Would it be possible to write out each entry below exactly, without the pictures?
START Data supplied
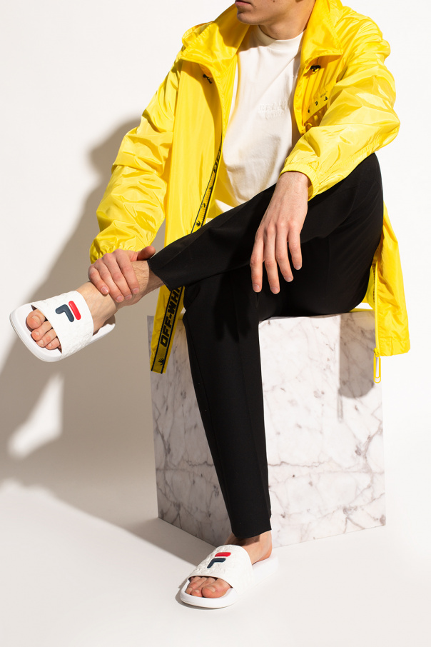 White ‘Baywalk’ slides from Fila. Resting on a white rubber sole, this pair is decorated with an embossed logo pattern.
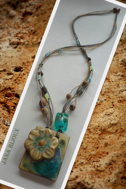 ASYMETRICKÝ, DLOUHÝ NÁHRDELNÍK  BEZ JAKÉHOKOLIV KOVU, S KERAMIKOU S ROZTAVENÝM SKLEM A KOLÁŽÍ.
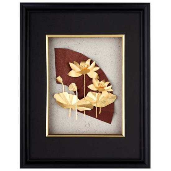 The exquisite lotus craft features brilliant 24K gold foil in a traditional Chinese art style. It comes with a sophisticated dark wooden frame in a harmonious design. It simply decorates your home in a luxurious way.
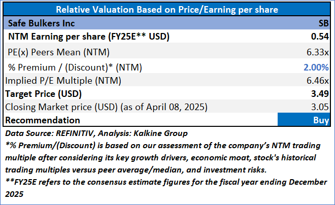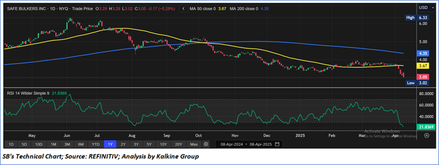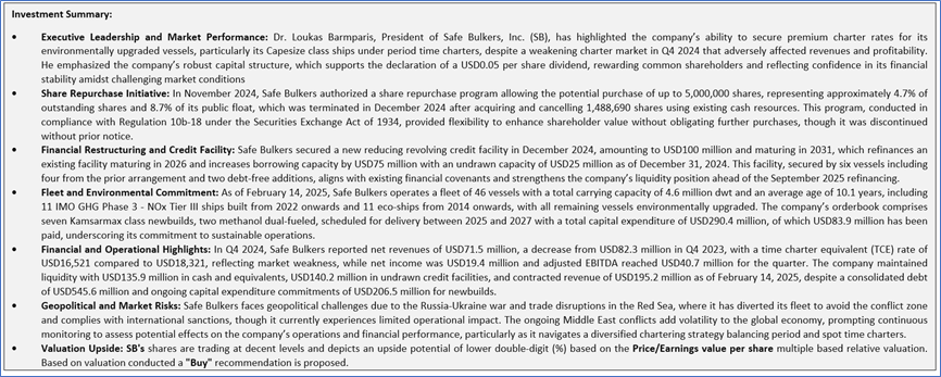 Safe Bulkers, Inc. (NYSE: SB) is a holding company. The Company's principal business is the acquisition, ownership and operation of drybulk vessels. The Company's vessels operate across the world, carrying drybulk cargo for the consumers of marine drybulk transportation services. The Company is an international provider of marine drybulk transportation services, transporting bulk cargoes, particularly coal, grain and iron ore, along shipping routes across the world.
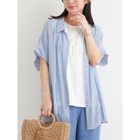 滑らかなタッチのストライプ柄シアーシャツと着回しやすいタンクトップのSET
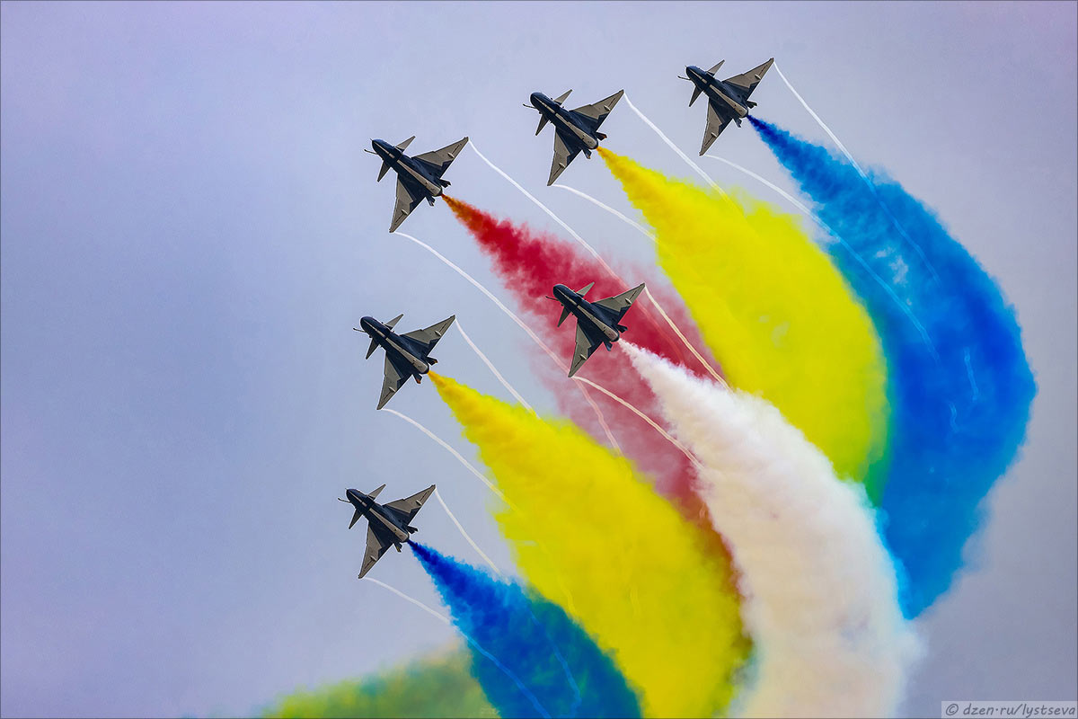 С китайской стороны главной пилотажной группой является «August 1st» (“1 Августа”), которая выступает на истребителях национального производства J-10C.
END Data supplied
■ Worked solution:
 White ‘Baywalk’ slides from Fila. Resting on a white rubber sole, this pair is decorated with an embossed logo pattern.
 ASYMETRICKÝ, DLOUHÝ NÁHRDELNÍK  BEZ JAKÉHOKOLIV KOVU, S KERAMIKOU S ROZTAVENÝM SKLEM A KOLÁŽÍ.
 The exquisite lotus craft features brilliant 24K gold foil in a traditional Chinese art style. It comes with a sophisticated dark wooden frame in a harmonious design. It simply decorates your home in a luxurious way.
 Safe Bulkers, Inc. (NYSE: SB) is a holding company. The Company's principal business is the acquisition, ownership and operation of drybulk vessels. The Company's vessels operate across the world, carrying drybulk cargo for the consumers of marine drybulk transportation services. The Company is an international provider of marine drybulk transportation services, transporting bulk cargoes, particularly coal, grain and iron ore, along shipping routes across the world.
 滑らかなタッチのストライプ柄シアーシャツと着回しやすいタンクトップのSET
 С китайской стороны главной пилотажной группой является «August 1st» (“1 Августа”), которая выступает на истребителях национального производства J-10C.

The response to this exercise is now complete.